By James Kirby

Geoff Wilson, the fund manager who galvanised Australian superannuation investors into a very effective lobby against the ALP’s franked dividend scheme in the last election, has staged a late entry into Saturday’s poll with a call for Labor to match the Coalition’s pledge to avoid making adverse changes to super.

Wilson has watched the ALP move to match the Coalition’s recent election initiatives such as the expansion of both the home downsizing scheme and wider access to the Commonwealth Seniors Health Card program: “They should now match the promise to leave super alone,” says Wilson.

As chairman of the $5bn Wilson Asset Management group, the veteran fund manager has penned a letter to his 120,000 shareholders – who are mostly self-managed super fund members – to raise awareness of what he sees as a continuing threat to super. Wilson has asked the Liberal, National and Labor parties to formally respond.

Wilson spells our four key areas of concern where he says the ALP has so far sidestepped making any public commitments towards preserving the current system. In contrast the ALP has explicitly ruled out changes to established tax arrangements such as negative gearing.

“Investors need to know they can depend on the super system in order to make long-term plans – we think it is time for the parties to be very clear on what they will do should they win power,” he says.

Wilson says he is asking the major parties to confirm they will not:

  • Make any negative changes to superannuation carry-forward, or catch-up, contributions which are mainly used by workers who have irregular work patterns, especially working mothers.
  • Alter the ability of retirees up to the age of 74 to make contributions without meeting the “work test”. According to Wilson: “This affords older Australians, including self-funded retirees, greater flexibility to contribute to their superannuation. It covers situations where they come into money later in life – eg, through inheritance”.
  • Further lower the Division 293 tax threshold – this is an extra tax paid by high earners relating to super – it cuts in at salary levels of $250,000 or above, it was previously $300,000.
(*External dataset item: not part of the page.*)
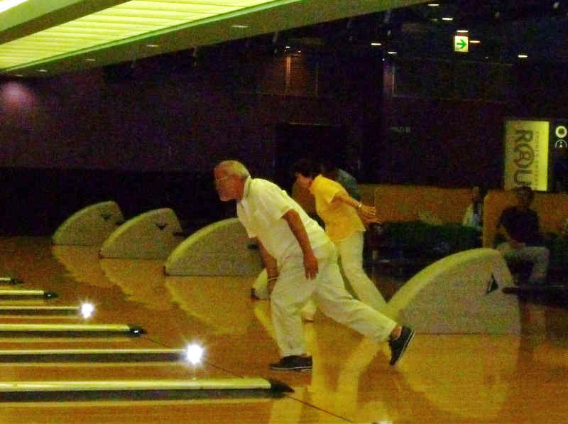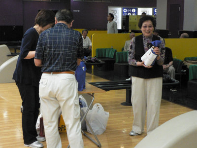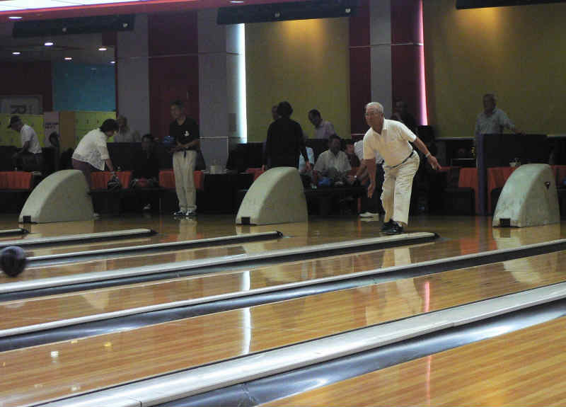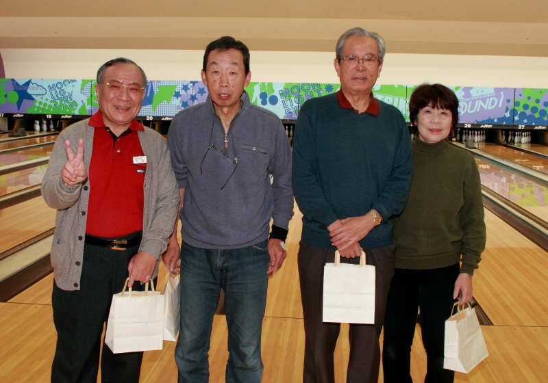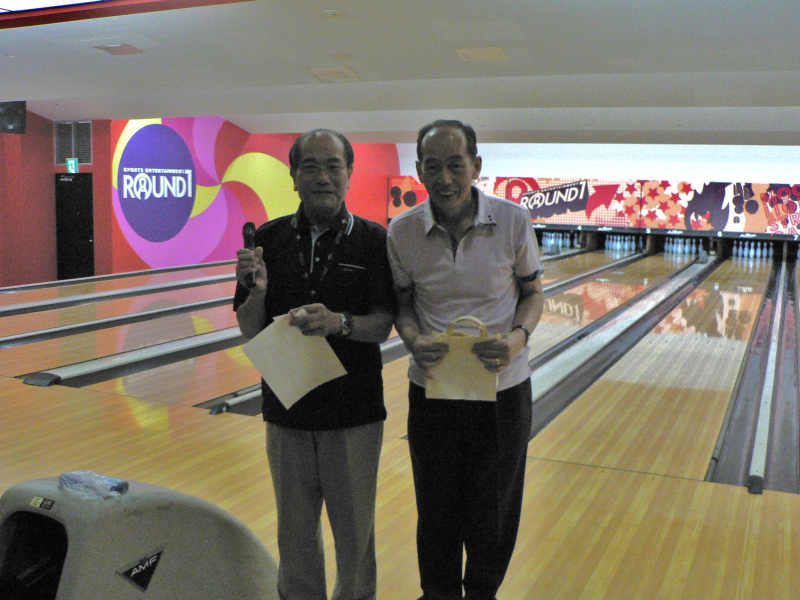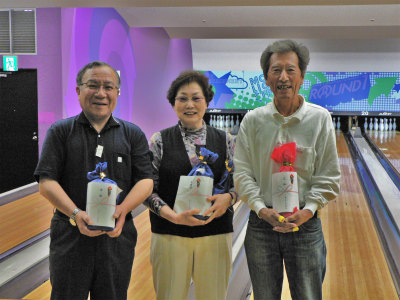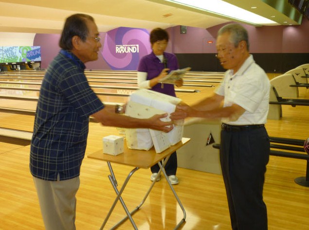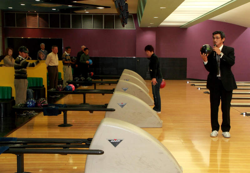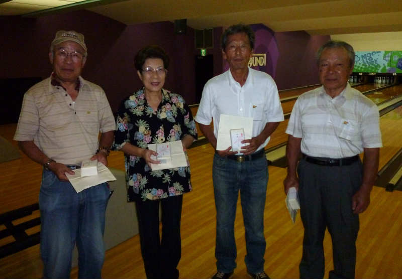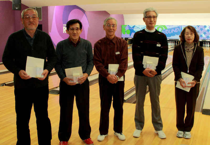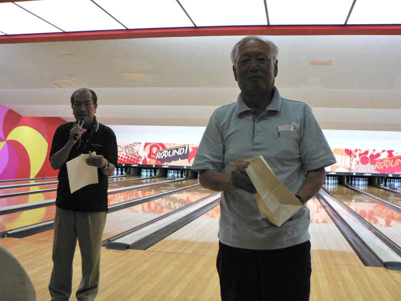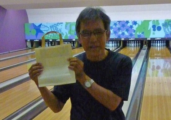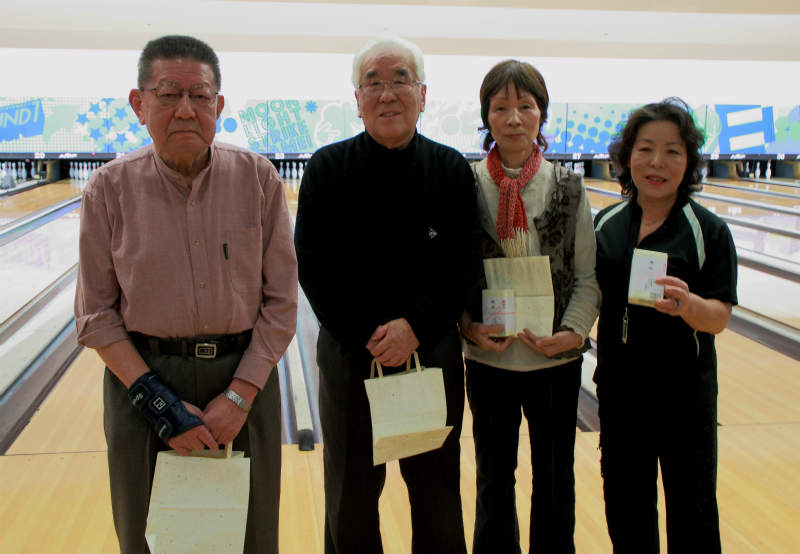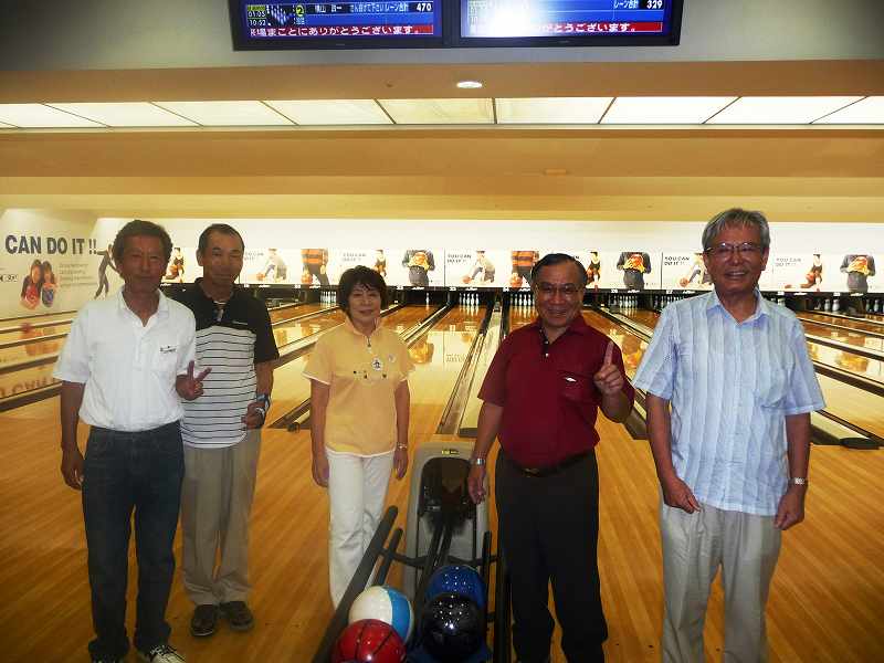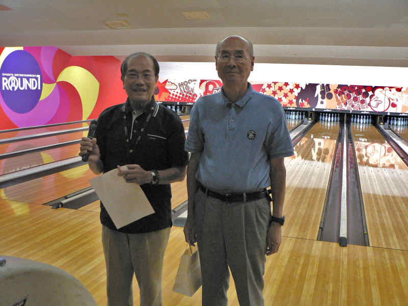 3位は幸田宏之助さん(右京区)でした。おめでとうございました。 また、当月から暗闇の中で投げる「ムーンライト」ゲームを採用し、鎌田苑江さん (長岡京西)が唯一その際の投球で高得点をマークし賞品をゲットされました。 ゲームの方では、横山政一さん(大山崎)が、過去に平居さん(伏見中)が 出された237点に惜しくも及びませんでしたが235点のHGを得点するなど、全ゲームに 高得点をマークされ、3ゲームトータルでは過去にない600点超の記録を樹立されました。 このようにボウリング同好会では若人にも負けないくらいの記録が次々生まれております。 皆さんも是非、記録にチャレンジしてみてください。 次回の例会は10月20日(第3木曜日)に予定しております。多くの方のご参加を お待ちしております。 |

Wilson also wants long-term security for users of the government’s downsizing program which makes it easier to put money from the sale of a family home into super.

The program is set to be generously expanded regardless of the election outcome due to the ALP matching the Coalition’s promise to widen access to the scheme that allows up to $600,000 to be put in super outside contribution rules.

Under the expanded scheme more than one million older Australians are to be made eligible – since the age entry will be dropped to 55. The age limit was only recently reduced from 65 to 60 – that change was due to begin on July 1 this year.

The widening access to the downsizer program has been welcomed by a spectrum of stakeholders in super from pensioner groups to industry super funds such as UniSuper, where CEO Peter Chun, suggested: “This proposal removes a key barrier for people in their 50s and early 60s who are ineligible for downsizer contributions. Pre-retirees who wish to downsize as children finish education and move out of home shouldn’t be penalised.”